Copyright (C) 2015 University of California, Los Angeles (UCLA) Zhicheng Pan, Yi Xing
Authors: Zhicheng Pan, Yi Xing
This program is free software: you can redistribute it and/or modify it under the terms of the GNU General Public License as published by the Free Software Foundation, either version 3 of the License, or (at your option) any later version.
This program is distributed in the hope that it will be useful, but WITHOUT ANY WARRANTY; without even the implied warranty of MERCHANTABILITY or FITNESS FOR A PARTICULAR PURPOSE. See the GNU General Public License for more details.

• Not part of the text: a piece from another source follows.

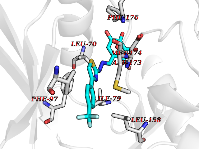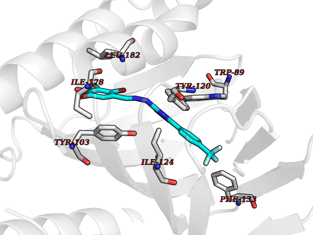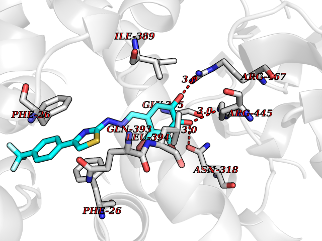 Target general information Gen name camC Organism Pseudomonas putida (Arthrobacter siderocapsulatus) Uniprot ID TTD ID NA Synonyms cyp101 Protein family Cytochrome P450 family Biochemical class Oxidoreductase Function Camphor 5-monooxygenase activity.Heme binding.Iron ion binding. Related diseases Combined oxidative phosphorylation deficiency 6 (COXPD6) [MIM:300816]: A mitochondrial disease resulting in a neurodegenerative disorder characterized by psychomotor delay, hypotonia, areflexia, muscle weakness and wasting. Some patients manifest prenatal ventriculomegaly and severe postnatal encephalomyopathy. {ECO:0000269|PubMed:20362274, ECO:0000269|PubMed:22019070, ECO:0000269|PubMed:25583628, ECO:0000269|PubMed:26004228, ECO:0000269|PubMed:26173962, ECO:0000269|PubMed:27178839}. The disease is caused by variants affecting the gene represented in this entry.; DISEASE: Charcot-Marie-Tooth disease, X-linked recessive, 4, with or without cerebellar ataxia (CMTX4) [MIM:310490]: A neuromuscular disorder characterized by progressive sensorimotor axonal neuropathy, distal sensory impairment, difficulty walking due to peripheral neuropathy and/or cerebellar ataxia, and deafness due to auditory neuropathy. Additional features include cognitive impairment, cerebellar atrophy, dysarthria, abnormal extraocular movements, tremor, dysmetria and spasticity. The age at onset ranges from infancy to young adulthood. {ECO:0000269|PubMed:23217327, ECO:0000269|PubMed:26004228}. The disease is caused by variants affecting the gene represented in this entry.; DISEASE: Deafness, X-linked, 5, with peripheral neuropathy (DFNX5) [MIM:300614]: A form of hearing loss characterized by absent or severely abnormal auditory brainstem response, abnormal middle ear reflexes, abnormal speech discrimination, loss of outer hair cell function, and cochlear nerve hypoplasia. DFNX5 patients manifest auditory neuropathy with childhood onset, associated with distal sensory impairment affecting the peripheral nervous system. {ECO:0000269|PubMed:25986071}. The disease is caused by variants affecting the gene represented in this entry.; DISEASE: Spondyloepimetaphyseal dysplasia, X-linked, with hypomyelinating leukodystrophy (SEMDHL) [MIM:300232]: An X-linked recessive developmental disorder characterized by slowly progressive skeletal and neurologic abnormalities, including short stature, large and deformed joints, significant motor impairment, visual defects, and sometimes cognitive deficits. Affected individuals typically have normal early development in the first year or so of life, followed by development regression and the development of symptoms. Brain imaging shows white matter abnormalities consistent with hypomyelinating leukodystrophy. {ECO:0000269|PubMed:28842795}. The disease is caused by variants affecting the gene represented in this entry. Drugs (DrugBank ID) DB03836; DB02617; DB02817; DB03627; DB04032; DB03031; DB02125; DB04501; DB01744; DB01663; DB01011; DB01703; DB01826; DB03540; DB02851 Interacts with P00259 EC number 1.14.15.1 Uniprot keywords 3D-structure; Cytoplasm; Direct protein sequencing; Heme; Iron; Metal-binding; Monooxygenase; Oxidoreductase Protein physicochemical properties Chain ID A Molecular weight (Da) 45446.3 Length 405 Aromaticity 0.08 Instability index 45.33 Isoelectric point 5.23 Charge (pH=7) -16.08 3D Binding mode Sequence NLAPLPPHVPEHLVFDFDMYNPSNLSAGVQEAWAVLQESNVPDLVWTRCNGGHWIATRGQLIREAYEDYRHFSSECPFIPREAGEAYDFIPTSMDPPEQRQFRALANQVVGMPVVDKLENRIQELACSLIESLRPQGQCNFTEDYAEPFPIRIFMLLAGLPEEDIPHLGYLTDQMTRPDGSMTFAEAKEALYDYLIPIIEQRRQKPGTDAISIVANGQVNGRPITSDEAKRMCGLLLVGGLDTVVNFLSFSMEFLAKSPEHRQELIERPERIPAACEELLRRFSLVADGRILTSDYEFHGVQLKKGDQILLPQMLSGLDERENAAPMHVDFSRQKVSHTTFGHGSHLCAGQHLARREIIVTLKEWLTRIPDFSIAPGAQIQHKSGIVSGVQALPLVWDPATTKAV Hydrogen bonds contact Hydrophobic contact | ||||

You should have received a copy of the GNU General Public License along with this program. If not, see http://www.gnu.org/licenses/.
Q: How much RAM does SQUID require?
A: It depends on the input you used in the SQUID. If the input is alignment files and FPKM files, 4G is enough for the human genome. If FPKM is not provided, FPKM will be generated by Kallisto which may takes 1G extra RAM. If alignment files is not provided, STAR will generate alignment files that may takes up to 40G to for the human genome.
Q: Are the observation counts always larger than the expected counts?
A: There is a small portion of introns that have larger observation counts and PI_Density is assigned as 1 in these introns.
Q: Does the index in the comparison file 0-based or 1-based?
A: The index in the comparison file is 1-based.
Q: Can SQUID resume previous run?
A: Yes, SQUID will resume previous run by setting parameter resume as true. Please delete the intermediate files that you’d like to regenerate.
Q: Do the reads in the fastq files have to be the same length?
A: No. If the reads in the fastq files do not have equal length, please set parameter check_len to true to generate new fastq files with equal length.
Q: Can I run SQUID to output intron retention values without doing differential analysis?
A: Yes. You can run SQUID by ignoring --Comparison parameters.